Task item> Would you repeat word for word the lines of the listing that follows, from the one with "L’Agence culturelle départementale" up to and including the one with "10 цен на Сумка", and leave out the images?

Given entries>
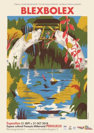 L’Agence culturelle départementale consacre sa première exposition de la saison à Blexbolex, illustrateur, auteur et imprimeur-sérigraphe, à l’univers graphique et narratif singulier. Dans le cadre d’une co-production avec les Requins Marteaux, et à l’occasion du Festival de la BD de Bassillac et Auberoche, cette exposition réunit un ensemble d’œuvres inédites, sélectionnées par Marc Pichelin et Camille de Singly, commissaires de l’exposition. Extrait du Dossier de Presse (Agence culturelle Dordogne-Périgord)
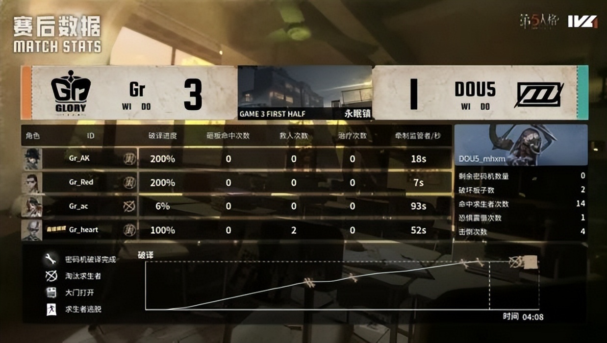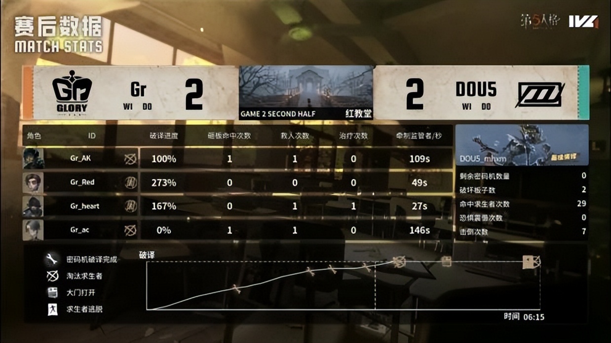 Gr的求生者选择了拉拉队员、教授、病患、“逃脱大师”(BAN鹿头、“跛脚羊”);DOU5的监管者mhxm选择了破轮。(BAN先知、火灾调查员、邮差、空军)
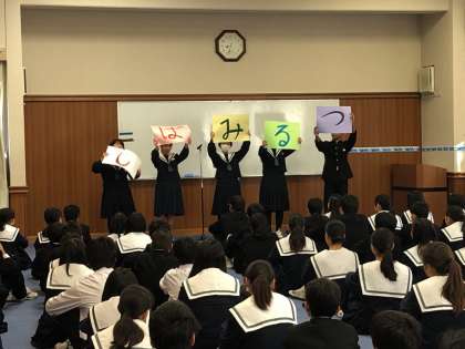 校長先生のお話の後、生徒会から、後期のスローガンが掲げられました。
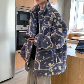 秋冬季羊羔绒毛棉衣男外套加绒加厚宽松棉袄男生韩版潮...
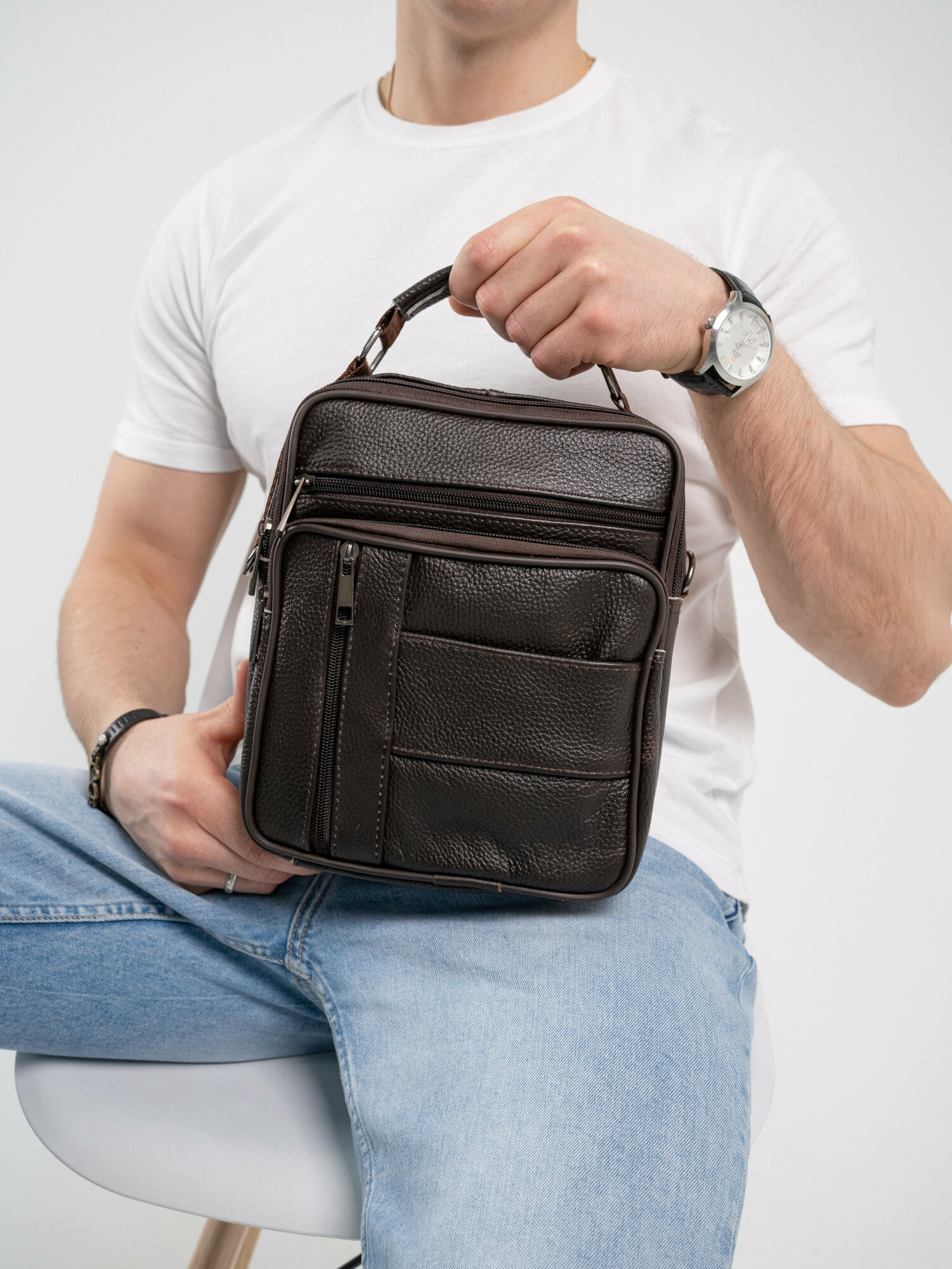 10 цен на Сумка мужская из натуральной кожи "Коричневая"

...

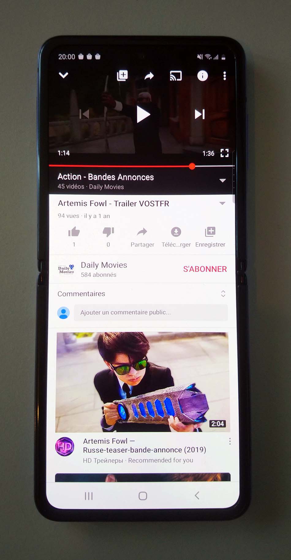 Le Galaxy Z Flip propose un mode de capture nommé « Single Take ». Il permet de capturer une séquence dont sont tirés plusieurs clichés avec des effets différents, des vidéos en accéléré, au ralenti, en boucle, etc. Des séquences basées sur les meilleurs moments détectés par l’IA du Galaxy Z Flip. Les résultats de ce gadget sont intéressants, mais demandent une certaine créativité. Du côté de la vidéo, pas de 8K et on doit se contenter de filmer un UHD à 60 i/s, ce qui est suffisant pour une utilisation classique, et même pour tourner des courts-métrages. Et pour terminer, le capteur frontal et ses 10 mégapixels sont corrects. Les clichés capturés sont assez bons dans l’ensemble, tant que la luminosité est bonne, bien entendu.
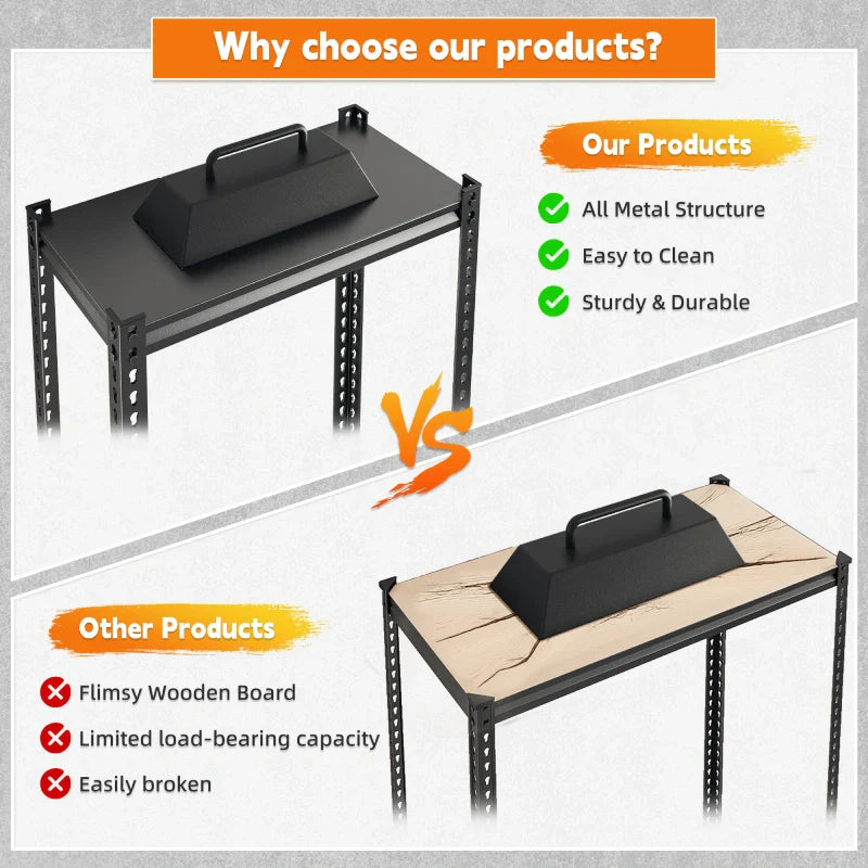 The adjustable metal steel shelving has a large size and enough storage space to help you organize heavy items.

Task result>
 L’Agence culturelle départementale consacre sa première exposition de la saison à Blexbolex, illustrateur, auteur et imprimeur-sérigraphe, à l’univers graphique et narratif singulier. Dans le cadre d’une co-production avec les Requins Marteaux, et à l’occasion du Festival de la BD de Bassillac et Auberoche, cette exposition réunit un ensemble d’œuvres inédites, sélectionnées par Marc Pichelin et Camille de Singly, commissaires de l’exposition. Extrait du Dossier de Presse (Agence culturelle Dordogne-Périgord)
 Gr的求生者选择了拉拉队员、教授、病患、“逃脱大师”(BAN鹿头、“跛脚羊”);DOU5的监管者mhxm选择了破轮。(BAN先知、火灾调查员、邮差、空军)
 校長先生のお話の後、生徒会から、後期のスローガンが掲げられました。
 秋冬季羊羔绒毛棉衣男外套加绒加厚宽松棉袄男生韩版潮...
 10 цен на Сумка мужская из натуральной кожи "Коричневая"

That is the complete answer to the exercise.